**Instructions for the task**.
Copy exactly, beginning with the line holding "The winning team" and ending with the final line of the data beneath this task; copy nothing else, and leave out every picture.

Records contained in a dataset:
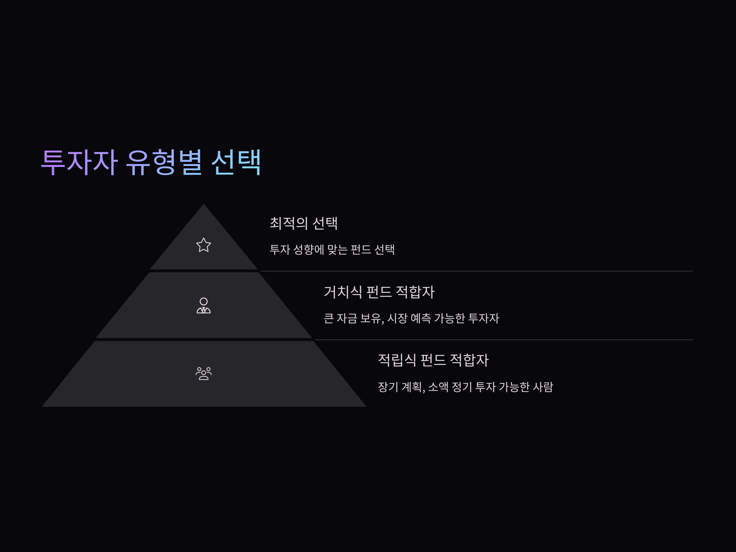 - 적립식 펀드: 장기적인 투자 계획을 가진 사람들에게 적합하며, 작은 금액부터 시작 가능.
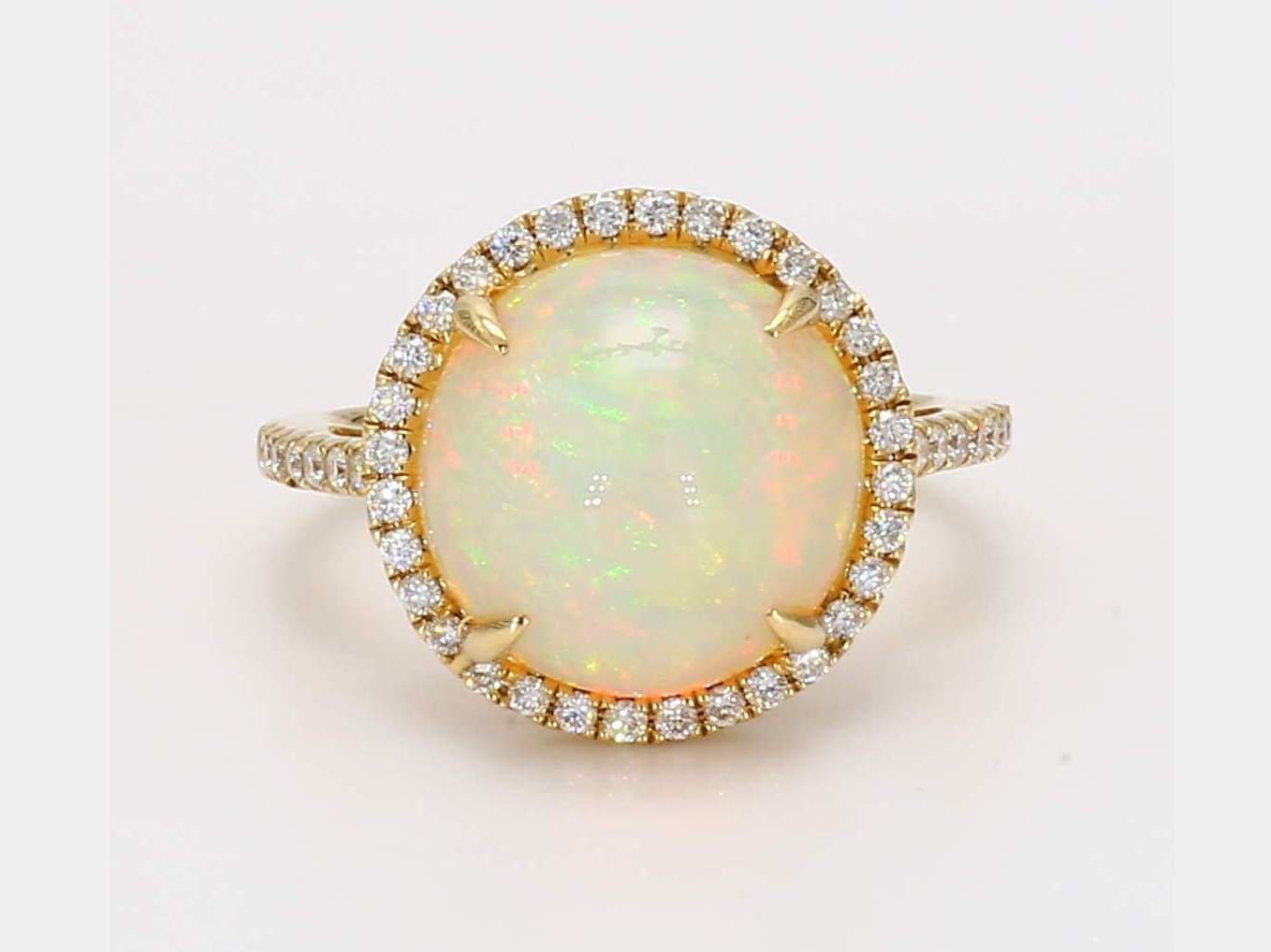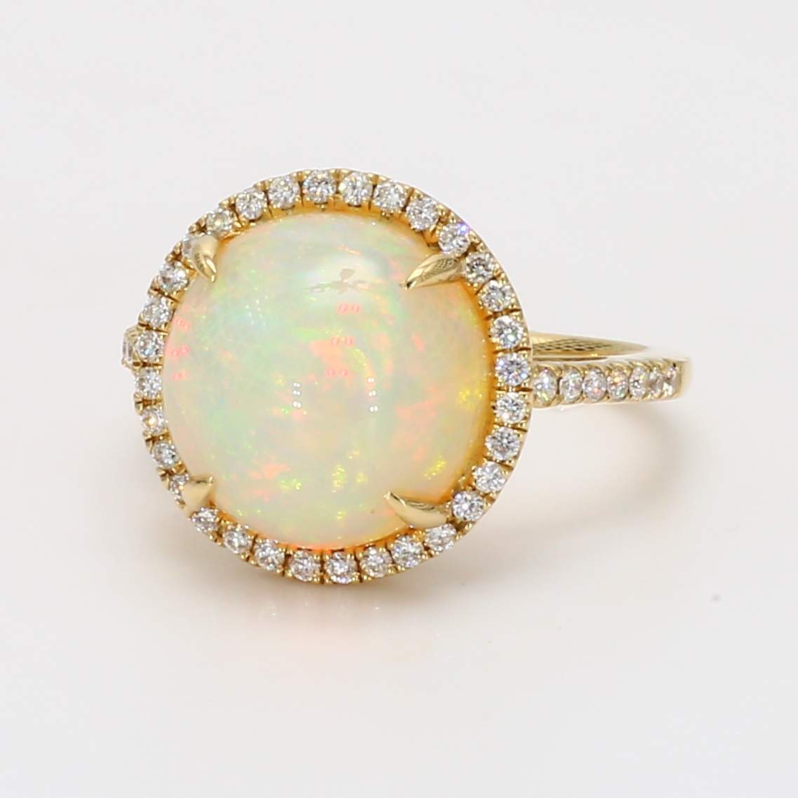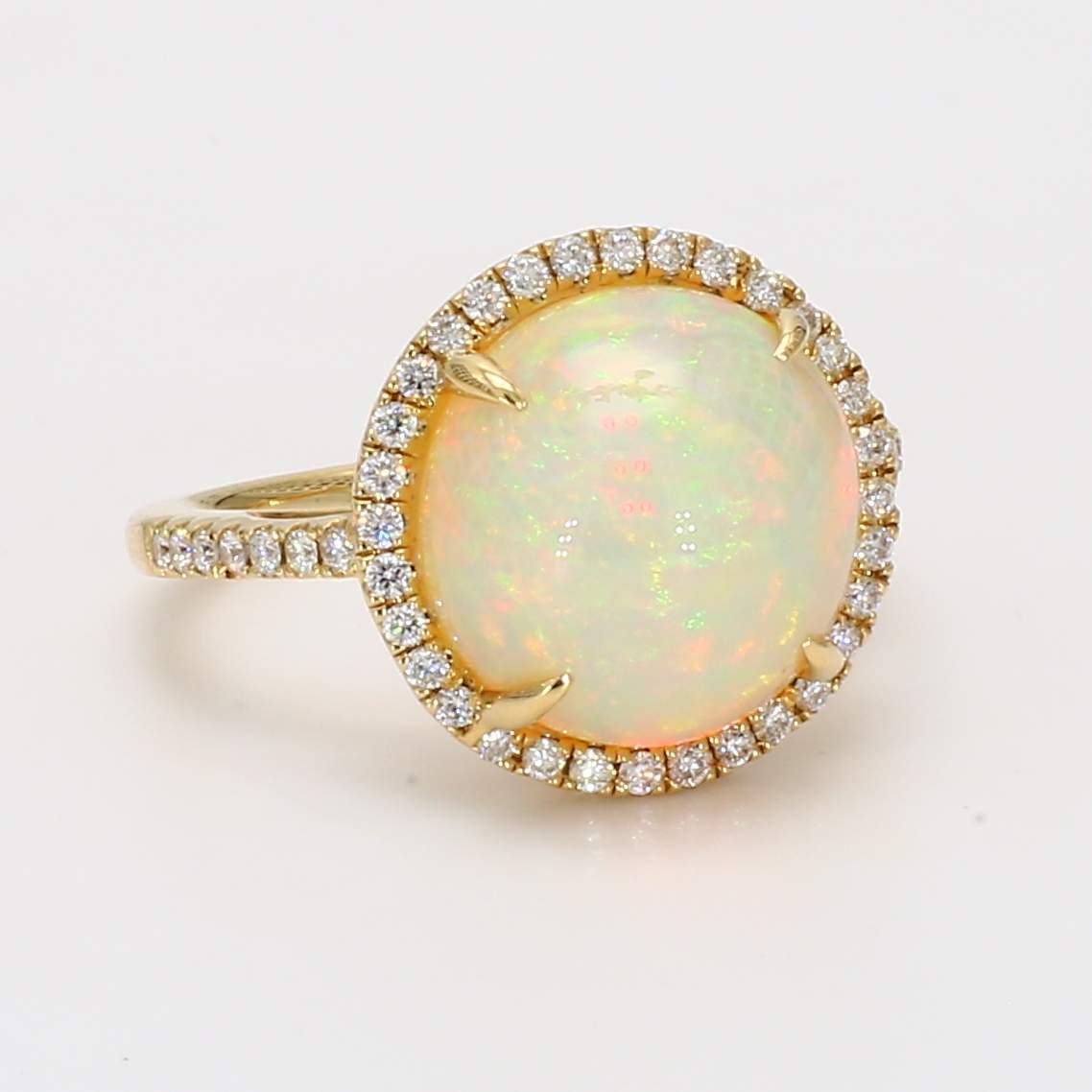 ROUND OPAL & ROUND DIAMOND 14KY RING
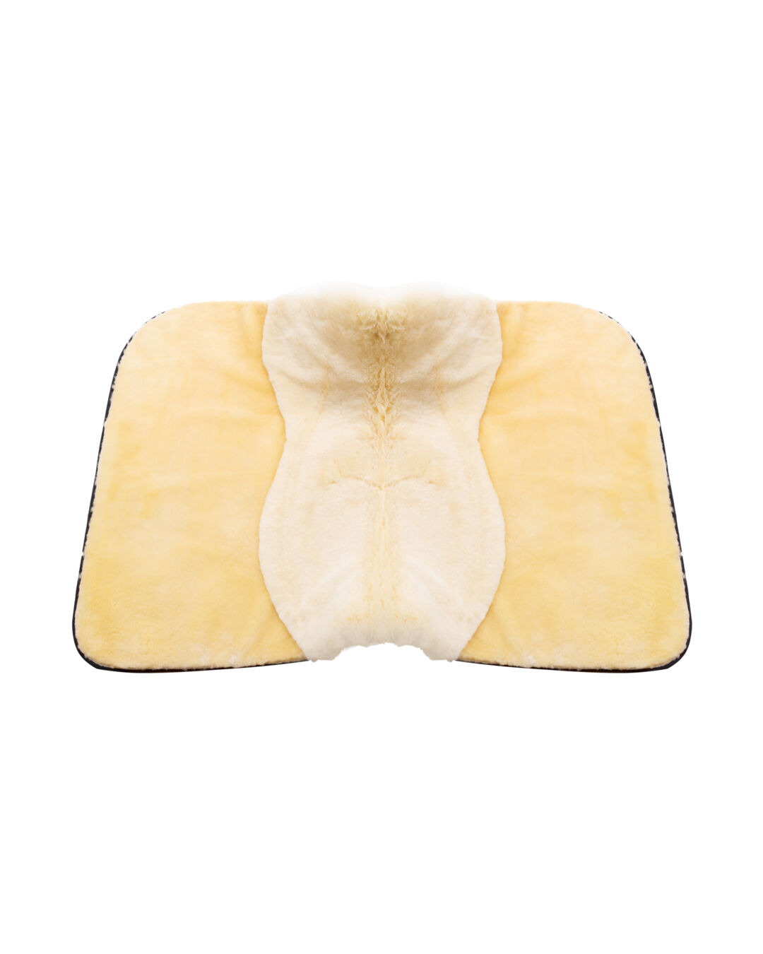 Diese Schabracke ist komplett mit echtem Lammfell ausgestattet, wobei im Sitzbereich eine Wollhöhe von 30 mm und an den Blättern von 15 mm verwendet wird. Das im Blattbereich geschorene Lammfell sorgt für eine erhöhte Nähe zum Pferd, was eine bessere Kommunikation und ein feineres Reitgefühl ermöglicht.
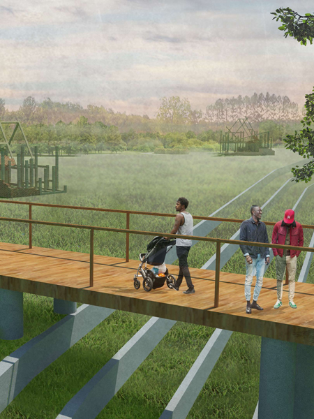 The winning team for the Kinston effort put forward a town master plan that bundled different scales of interventions into a cohesive approach. Their solutions would boost flood prevention, help Kinston’s citizens better understand the causes of flooding, and increase economic development through improvements in livability and recreation.
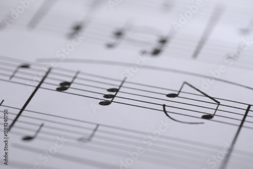 © New Africa, Fototapeta premium Sheet with musical notes as background, closeup
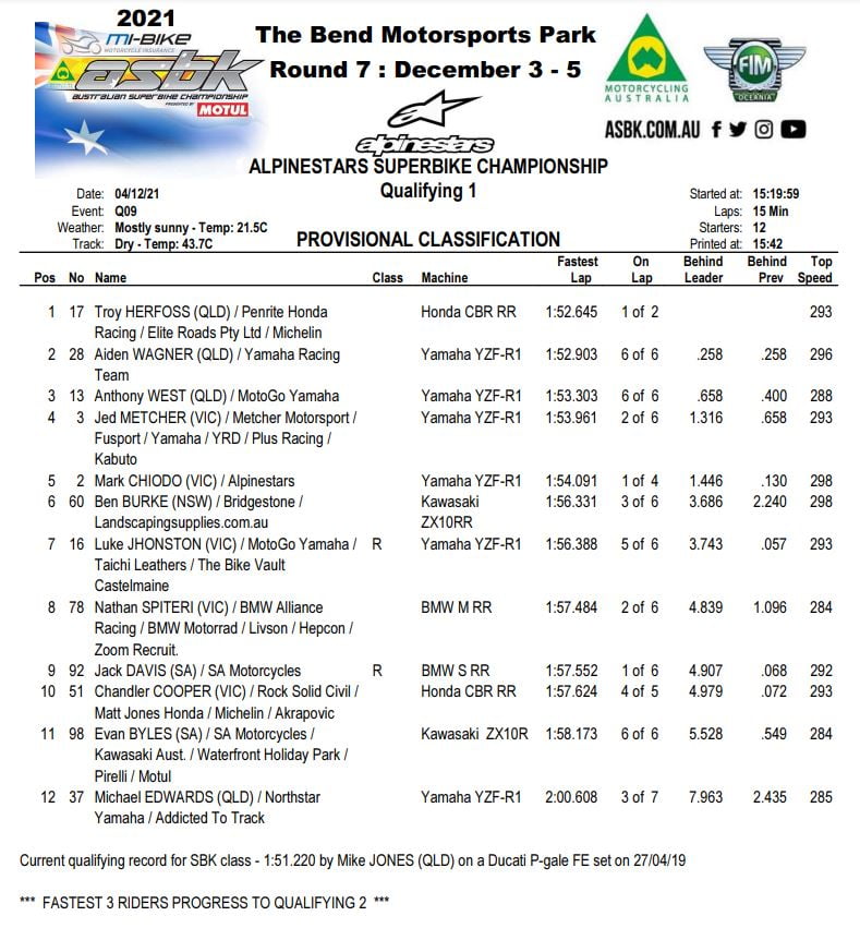 Place désormais aux qualifications, après une séance chrono matinale déjà impressionnante. Lors de la Q1, Troy Herfoss, Aiden Wagner et Anthony West tirent le mieux leur épingle du jeu et se hissent en Q2.

**Exercise output**.
 The winning team for the Kinston effort put forward a town master plan that bundled different scales of interventions into a cohesive approach. Their solutions would boost flood prevention, help Kinston’s citizens better understand the causes of flooding, and increase economic development through improvements in livability and recreation.
 © New Africa, Fototapeta premium Sheet with musical notes as background, closeup
 Place désormais aux qualifications, après une séance chrono matinale déjà impressionnante. Lors de la Q1, Troy Herfoss, Aiden Wagner et Anthony West tirent le mieux leur épingle du jeu et se hissent en Q2.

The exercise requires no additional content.